I still think I see surprise there, so I give him more.

“He demanded, he bulldozed people down until he got it and he didn’t blink at the pain he inflicted to get it.”

Maybe my words cause their own blows, because Noah takes a step away from me.

“Once, my brother was a good guy… the best. We were tight, we loved each other. We looked out for one another, and then he turned ten. That’s when my father thought he could be useful and take his part in the family. From that moment, he became not my brother… he became a soldier.”

“Just answer the question, Rory,” Noah growls, coldly. And, I don’t know why I was opening myself to him even more. He doesn’t deserve that. He deserves nothing. Still, I do as he asks—maybe I’m still weak after all.

“My stepfather was a good man, Noah. The best. He couldn’t help my brother, he was already lost to us, but he loved me. David McDaniels was a great man, the best man I ever met. He… he was nothing like you,” I tell him, and I say that while wiping some of the tears from my eyes and I see Noah’s reaction and I think maybe that definitely scored a point.

“Rory—”

“My father though, being like you, and deciding people were possessions and even though he didn’t want them, he didn’t want anyone else to have them either. He had my stepfather and mother killed,” I tell him, reliving a memory that was so painful I thought it might kill me once, but even that pain, that memory can’t hold a candle to the one Noah delivered in suggesting I kill my child so I could still crawl into his bed.

That’s how much he hurt. That’s how much he destroyed. He is most definitely like my father. I just don’t know why I didn’t see it sooner.

“Fuck, Gorgeous,” he says and a wave of misery falls over me at the use of that nickname. I stumble again under its weight. I visibly flinch from the blow, but somehow, I remain standing.

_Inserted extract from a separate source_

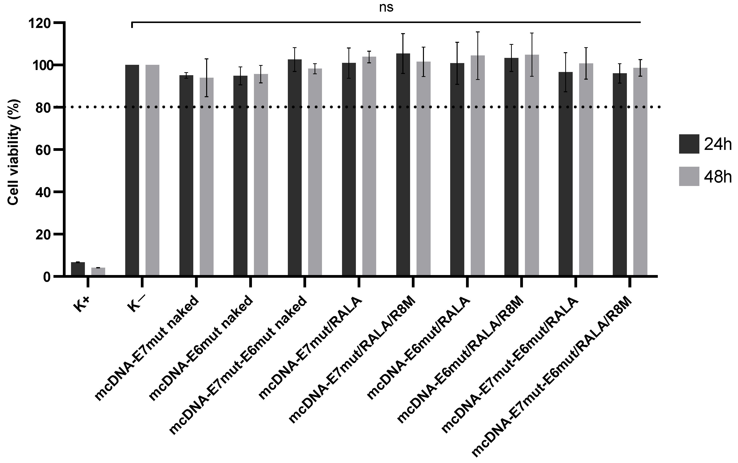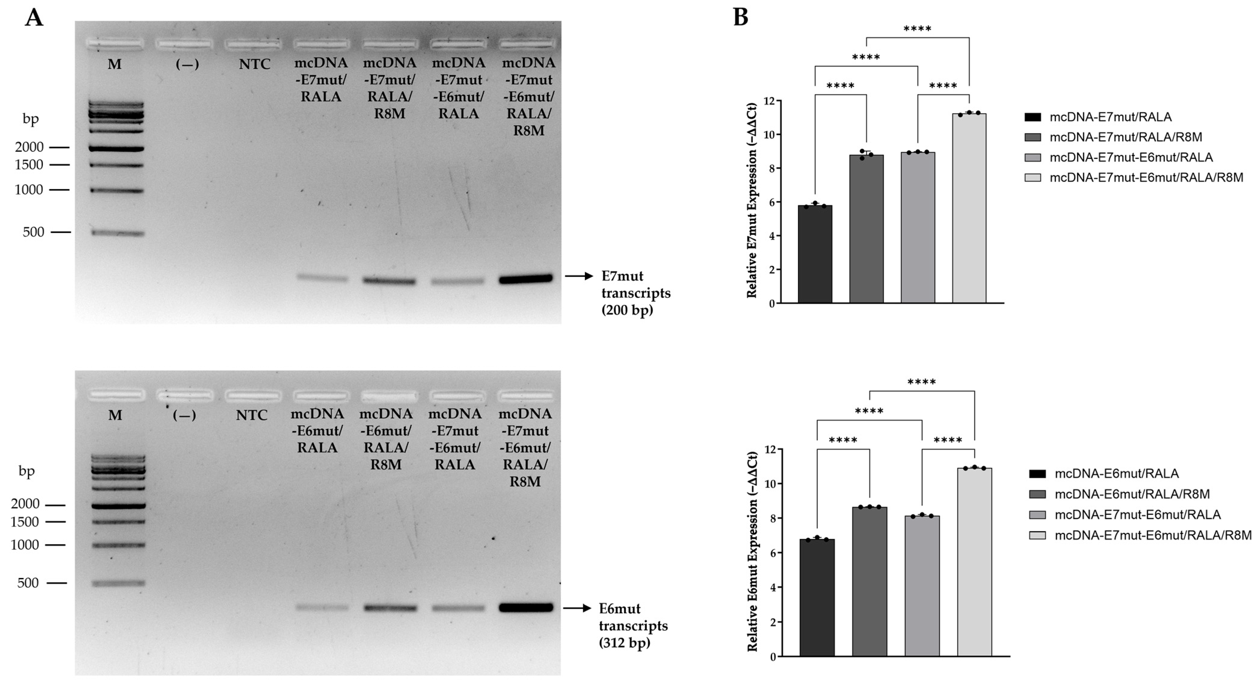 | 5 | mcDNA E7mut-E6mut | No | 106.73 ± 12.07 | 0.29 ± 0.03 | −13.25 ± 2.88 | 99.4 ± 0.23 |
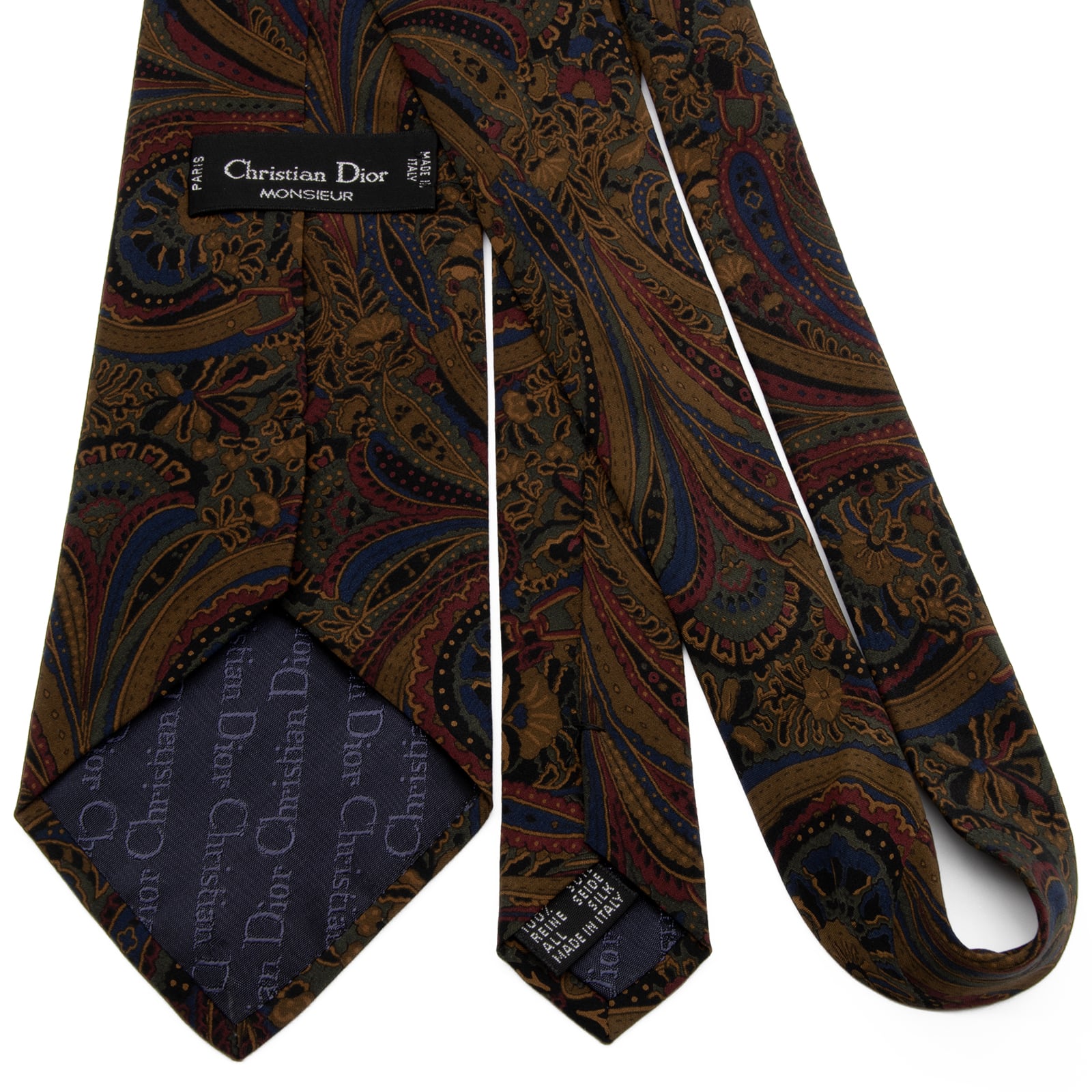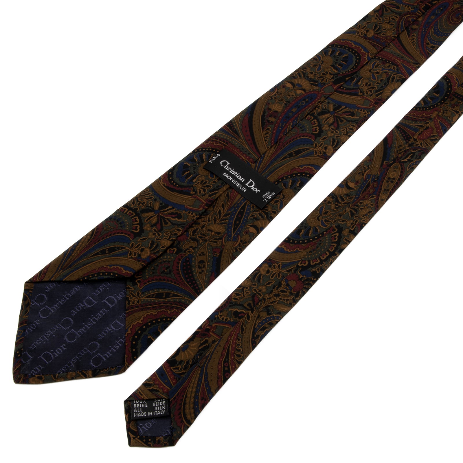 送料無料 ディオール ネクタイ レギュラータイ 新品同様 シルク 茶色 ブラウン 青 赤 緑 ペイズリー 総柄 Y2K 花 ブランド イタリア製 P544

“I was brought back into the family. I didn’t have a purpose. I wasn’t like my brother. I couldn’t be trained to be a soldier. I was useless,” I shrug. “Just a girl, but I was my father’s, so he made sure no one else could have me. I don’t think I saw him more than four times in ten years, Noah and we lived in the same house. Each of those times the only look I saw on his face was disgust.”

“Rory—”

“When I turned eighteen, I couldn’t legally change my name, my father wouldn’t allow that. But, I had money. I had money my grandmother gave me. My father being who he is, I had connections—some I even trusted. So, I got one of them to set me up with this guy. He made me a whole new identity. Rory King died that day. Rory McDaniels was born and that’s who I am now. I never lied to you, Noah. I could never change my name legally because my father would rather kill me than to give me even that one small bit of joy. When he died, my brother was already just like him and he too wouldn’t give me that gift. So, I changed my name the only way I could.”

“Rory—”

“You know what I’m wondering, Noah?”

“What’s that, Gorgeous?” he asks, his voice almost tender and sweet. It’s too late for that, though. I’m done. I can’t deal with Noah and his changing personalities. They gave me whiplash before and now I know that they can be fatal. I can’t take anymore.

“How, since I’ve had all this evil in my life… all of these men who think women are nothing more than possessions and punching bags… How I never saw you coming,” I whisper hating that the tears are falling again, hating that they are running down my face unchecked and truly hating that I’m sharing the same air with a man I loved and a man who destroyed me.

“I never hit you, Gorgeous, not once,” he defends.

He can defend, but there’s no defense for him… not one.

“Some blows don’t have to be physical to destroy you, Noah. I told you that once, don’t you remember? Words are venom, a poison that destroys you from the inside out.”

“Gorgeous…”

“Maybe you’ll remember this time…”

I walk inside, close my door, and lock it. I lean against it, my ear pressed to it and it seems like forever before I finally hear Noah walking away. Only then do I slide to the floor and let my silent tears become huge wracking sobs as the pain inside becomes too much to hold it in any longer.